Relatively little has been done to quantify benefits of nature-based flood control, but a 2016 study estimated coastal wetlands saved northeastern states from more than $625 million in damages during Superstorm Sandy. Census tracts with wetlands averaged 10% less property damage than those without, reported researchers from the University of California, Santa Cruz, The Nature Conservancy and the Wildlife Conservation Society.

Researchers at a Corps lab in Vicksburg, Mississippi, are attempting to better quantify benefits of mangrove forests with a simulation. A complex web of PVC pipes mimics mangrove roots inside a nearly 65,000-gallon (246,000-liter) tank where a wave machine provides storm surge.

The Louisiana Coastal Protection and Restoration Authority has spent billions of dollars restoring coastal wetlands and barrier islands after Hurricane Katrina to bolster the state's storm defense.
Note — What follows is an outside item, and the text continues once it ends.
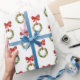 Greenery Christmas Wreath Red Bow Wrapping Paper
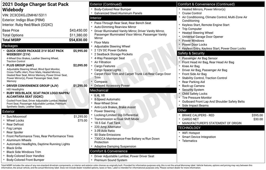 Ruby Red/Black Artificial Leather, 4-Wheel Disc Brakes, 6 Speakers, ABS brakes, Adaptive Damping Suspension, Air Conditioning, All Speed Traction Control, Alloy wheels, AM/FM radio: SiriusXM, Anti-whiplash front head restraints, Apple CarPlay/Android Auto, Auto Adjust In Reverse Exterior Mirrors, Auto-Dimming Exterior Driver Mirror, Auto-dimming Rear-View mirror, Automatic temperature control, Bi-Function HID Projector Head Lamps, Black-Edged Premium Floormats, Blind Spot & Cross Path Detection, Blind Spot Memory/Power/Heat Mirror, Body Color Fender Flares, Brake assist, Brake Calipers - Red, Brembo 6-Pot Fixed Front Caliper Brakes, Bumpers: body-color, Cargo Net, Cloth Performance Seats w/Bee Logo, Compass, Delay-off headlights, Driver & Passenger Lower LED Lamps, Driver Convenience Group, Driver door bin, Driver vanity mirror, Dual front impact airbags, Dual front side impact airbags, Electronic Stability Control, Emergency communication system: SiriusXM Guardian, Exterior Mirrors Courtesy Lamps, Flat-Bottom Steering Wheel, Four wheel independent suspension, Front anti-roll bar, Front Bucket Seats, Front Center Armrest, Front dual zone A/C, Front fog lights, Front Overhead LED Lighting, Front reading lights, Fully automatic headlights, Garage door transmitter: HomeLink, Heated 2nd Row Seats, Heated door mirrors, Heated front seats, Heated steering wheel, Illuminated entry, Illuminated Rear Cupholders, Knee airbag, Leather Shift Knob, Low tire pressure warning, Manufacturer's Statement of Origin, Occupant sensing airbag, Outside temperature display, Overhead airbag, Overhead console, Panic alarm, ParkView Rear Back-Up Camera, Passenger door bin, Passenger vanity mirror, Performance Shift Indicator, Plus Group, Power door mirrors, Power driver seat, Power Driver/Passenger 4-Way Lumbar Adjust, Power Front Driver/Passenger Seats, Power steering, Power Sunroof, Power Tilt/Telescope Steering Column, Power windows, Premium-Stitched Dash Panel, Quick Order Package 21V Scat Pack Widebody, Radio data system, Radio: Uconnect 4C w/8.4" Display, Radio/Driver Seat/Mirrors Memory, Rear anti-roll bar, Rear reading lights, Rear Seat Armrest w/Storage Cupholder, Rear seat center armrest, Rear window defroster, Remote keyless entry, Scat Pack Logo Nappa/Alcantara Seat, Security system, Speed control, Speed-Sensitive Wipers, Split folding rear seat, Spoiler, Sport steering wheel, Steering wheel mounted audio controls, Tachometer, Telescoping steering wheel, Tilt steering wheel, Traction control, Trip computer, Variably intermittent wipers, Ventilated Front Seats, Wheels: 20" x 11" Devil's Rim Aluminum, Wheels: 20" x 9" Lo Gloss Granite Crystal, Widebody Competition Suspension, Widebody Package, Ruby Red/Black Artificial Leather.

Hurricane Ida was the biggest test to date, and the evaluation is ongoing.

Nature-based systems aren't trying to recreate a past landscape, but rather restore the function that a landscape feature provided. And they can't entirely replace more traditional infrastructure, Bridges emphasized, noting that a barrier island can work together with a wetland and a levee to provide layers of protection.

“We need to re-envision what infrastructure looks like," he said. “Flood-risk management is serious business. People die.”